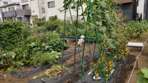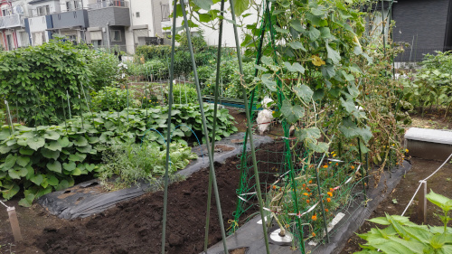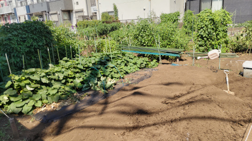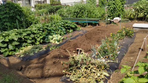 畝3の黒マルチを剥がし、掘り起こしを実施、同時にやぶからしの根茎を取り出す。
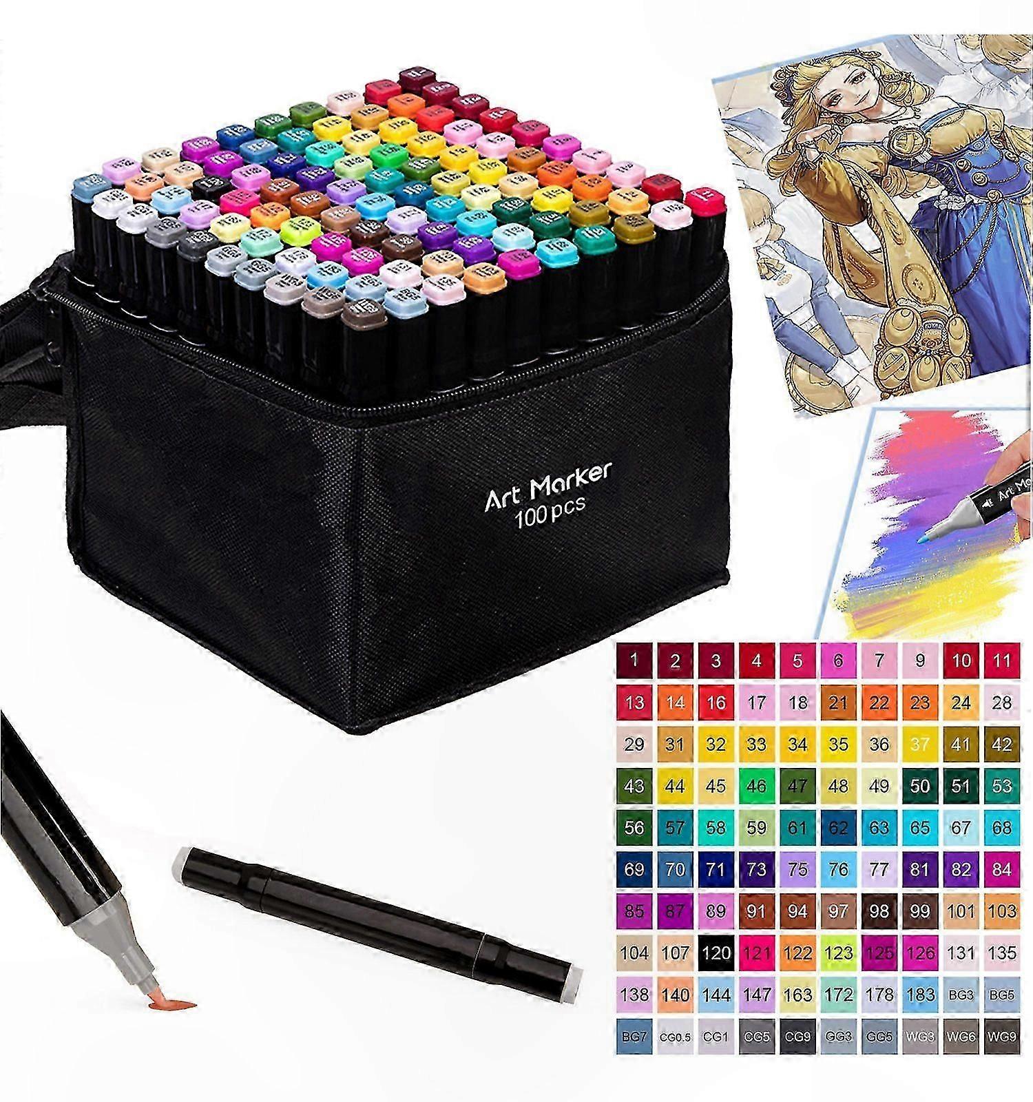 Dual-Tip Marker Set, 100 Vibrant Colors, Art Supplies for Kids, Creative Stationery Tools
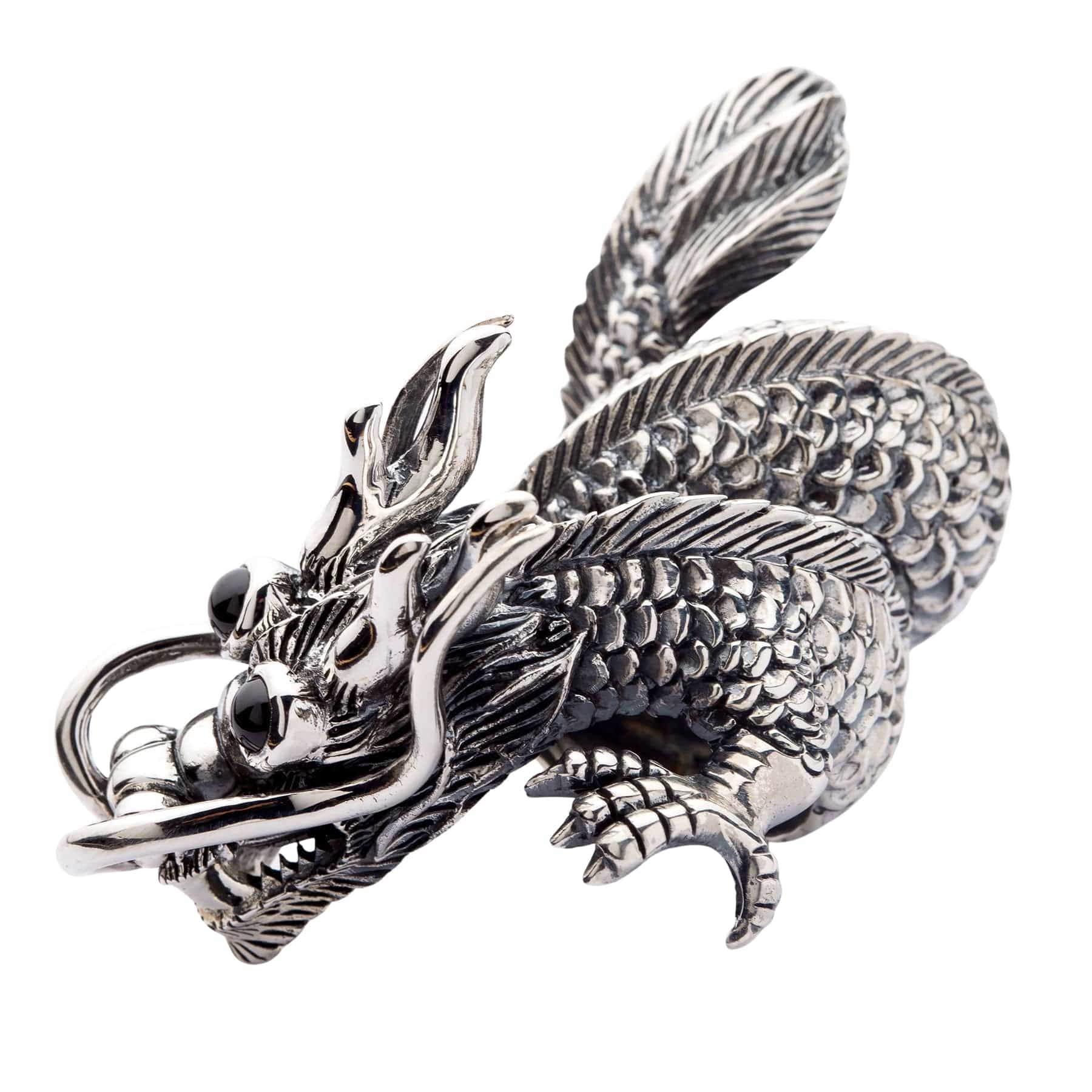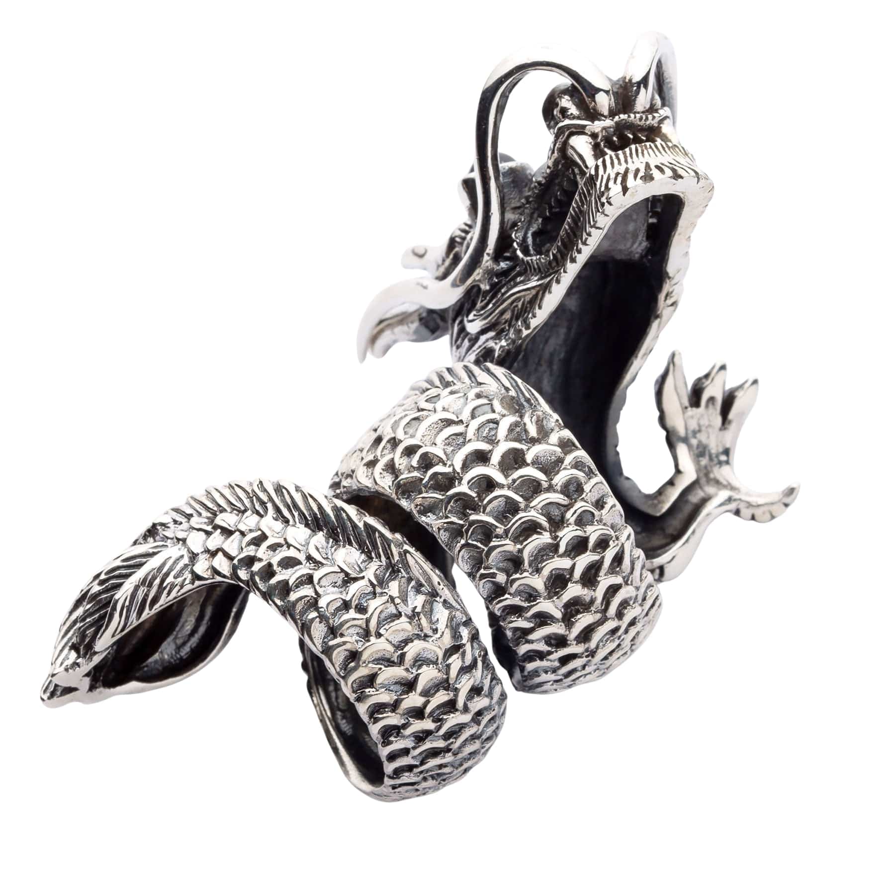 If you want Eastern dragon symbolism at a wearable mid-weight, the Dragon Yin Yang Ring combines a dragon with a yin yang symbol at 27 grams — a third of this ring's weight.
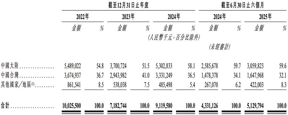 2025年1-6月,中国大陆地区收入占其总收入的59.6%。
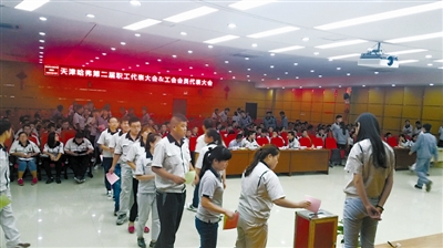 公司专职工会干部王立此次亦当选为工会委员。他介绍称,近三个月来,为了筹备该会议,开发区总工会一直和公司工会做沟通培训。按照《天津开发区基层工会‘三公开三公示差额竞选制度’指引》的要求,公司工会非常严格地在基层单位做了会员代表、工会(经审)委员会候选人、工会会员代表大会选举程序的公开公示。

————————

* WHAT IS REQUIRED
Word-for-word repeat, images excluded: return all the data.

* RESULT OF THE TASK
 畝3の黒マルチを剥がし、掘り起こしを実施、同時にやぶからしの根茎を取り出す。
 Dual-Tip Marker Set, 100 Vibrant Colors, Art Supplies for Kids, Creative Stationery Tools
 If you want Eastern dragon symbolism at a wearable mid-weight, the Dragon Yin Yang Ring combines a dragon with a yin yang symbol at 27 grams — a third of this ring's weight.
 2025年1-6月,中国大陆地区收入占其总收入的59.6%。
 公司专职工会干部王立此次亦当选为工会委员。他介绍称,近三个月来,为了筹备该会议,开发区总工会一直和公司工会做沟通培训。按照《天津开发区基层工会‘三公开三公示差额竞选制度’指引》的要求,公司工会非常严格地在基层单位做了会员代表、工会(经审)委员会候选人、工会会员代表大会选举程序的公开公示。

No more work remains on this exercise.